There is no difference between the static version and the let version. It is just much easier to check statics than it is to check the body of a function.

This is happening on in an embedded envrionment, where there is no MMU, and access to that address is correct.

That is an interesting corner case. The reason we error is that in general, it is not correct to just access some random integer cast to a pointer.

This is a very good argument for making that error suppressible, likely by folding it into the deny-by-default const_error.

However, also note that if this is an MMIO block, references are likely not what you want. Also see this long discussion. The gist of it is that under current rules, the compiler is allowed to insert spurious reads from references. Which crate is providing the GPIO module/type here?

All pac crates generated from the svd files for ARM-Cortex (but might be all ARM) microcontrollers use this type of code. The svd2rust generates this code from the honky svd xml files.

It this exact case it's https://github.com/lpc-rs/lpc-pac.

But accessing "random addresses" is THE way to communicate with the hardware when you are on bare metal.

accessing "random addresses" is THE way to communicate with the hardware when you are on bare metal.

I understand. We just were not aware people would put those as references into a static, hence the check that rejects "random addresses" in references.

And also see the issues mentioned above with using references. It is incorrect in Rust to have a reference to volatile (MMIO, hardware-register) memory. It does not matter how brief that reference exists, the moment you just create a reference, the compiler is allowed to speculatively read it.

I am aware that this pattern is widely used on embedded, but that doesn't change the fact that it is incorrect, and has always been incorrect since at least Rust 1.0. Unfortunately the people implementing that pattern were not aware of this subtlety. :/
And it also seems like noone is motivated enough to push for an RFC. (Several proposals for fixing this have been made in the various threads.) I guess this is because "it works" even though it is incorrect and might break when LLVM optimizes code the wrong way.

The alternative using raw pointers mostly avoids that problem, though I cannot easily tell if it does not also locally create references.

So the question for rustc now is, do we want to stop erroring for this because of embedded devices? The one usecase we have here is not actually correct for references, but for reasons entirely unrelated to what this is checking.
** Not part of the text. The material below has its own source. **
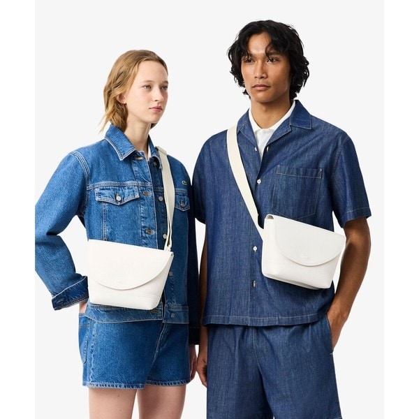 スポーティーなスタイルをエレガントにアップデートしたコンビレザーメッセンジャーバッグかっちりとしたコンパクトなフォルムにスポーティなメッセンジャーのスタイルを落とし込んだアイテム。スムースレザーとグレインレザーのコンビでさりげないコントラストをつけ、重厚感のあるエレガントな表情に仕上げました。アシンメトリーにカッティングしたフラップデザインがモダンなニュアンスを添え、エンボスで型押ししたワニロゴがスマートなワンポイントに。背面に備えたフラットポケットで、仕様頻度の高いスマートフォンやカード類へのアクセスも楽々。

I guess it is conceivable that non-MMIO memory might also sit at a fixed address on embedded, and then references are perfectly fine.

@RalfJung

It is incorrect in Rust to have a reference to volatile (MMIO, hardware-register) memory. It does not matter how brief that reference exists, the moment you just create a reference, the compiler is allowed to speculatively read it.

I know you know this, but it seems worth re-mentioning this library exists and is heavily used in the rust embedded ecosystem, and references to values of this type are often obtained by transmuting integers to references.

There are other places, too, where int->ptr occurs where the integer does not originate from a ptr->int cast, such as the address returned by the zx_vmar_map syscall (and presumably other similar calls that map something into memory and return an address pointing to the resulting mapping).

@cramertj yes, that is a problem. :/ I mean not the part where integers are transmuted, that's fine, but the part where embedded programs use &VolatileCell.

such as the address returned by the zx_vmar_map syscall

I doubt we will ever permit calling that syscall in CTFE. ;) The bug here is strictly about the checks we do on the value computed for a static or const. We do not consider it UB in general to have a raw integer in a reference (assuming that the pointer created this way is actually dereferencable).

It is incorrect in Rust to have a reference to volatile (MMIO, hardware-register) memory. It does not matter how brief that reference exists, the moment you just create a reference, the compiler is allowed to speculatively read it.

In the embedded case, that is totally fine, except for MMIO where reading mutates hardware. We don't ever read the VolatileCell<T> that is behind the reference, instead we read_volatile(&self as *const VolatileCell<T> as *const T), which is the only place we actually care about the read. So if ther are spurious reads whose value is unused inserted around that, it doesn't matter except for performance (and the already mentioned "read mutates hardware" case).

But all that seems orthogonal to the issue at hand. We don't permit references (in constants and statics) that can't be dereferenced during const eval. We should not change this behaviour. Also: we don't permit &Cell<T> in constants, why should we permit &VolatileCell<T>?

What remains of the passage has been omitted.